## PROBLEM DESCRIPTION
In the data below, find the line containing "3) 평균 : avg()" and the line containing "Терраса площадью 22", then reproduce them and every line between, exactly. Omit pictures.

## EXERCISE MATERIALS
===============
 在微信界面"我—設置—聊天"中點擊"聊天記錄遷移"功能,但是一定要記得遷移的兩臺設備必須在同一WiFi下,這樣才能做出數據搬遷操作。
===============
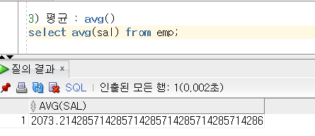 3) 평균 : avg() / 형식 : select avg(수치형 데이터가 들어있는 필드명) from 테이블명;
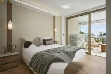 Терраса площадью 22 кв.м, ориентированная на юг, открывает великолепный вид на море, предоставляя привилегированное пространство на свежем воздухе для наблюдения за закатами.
===============
## RESPONSE
 3) 평균 : avg() / 형식 : select avg(수치형 데이터가 들어있는 필드명) from 테이블명;
 Терраса площадью 22 кв.м, ориентированная на юг, открывает великолепный вид на море, предоставляя привилегированное пространство на свежем воздухе для наблюдения за закатами.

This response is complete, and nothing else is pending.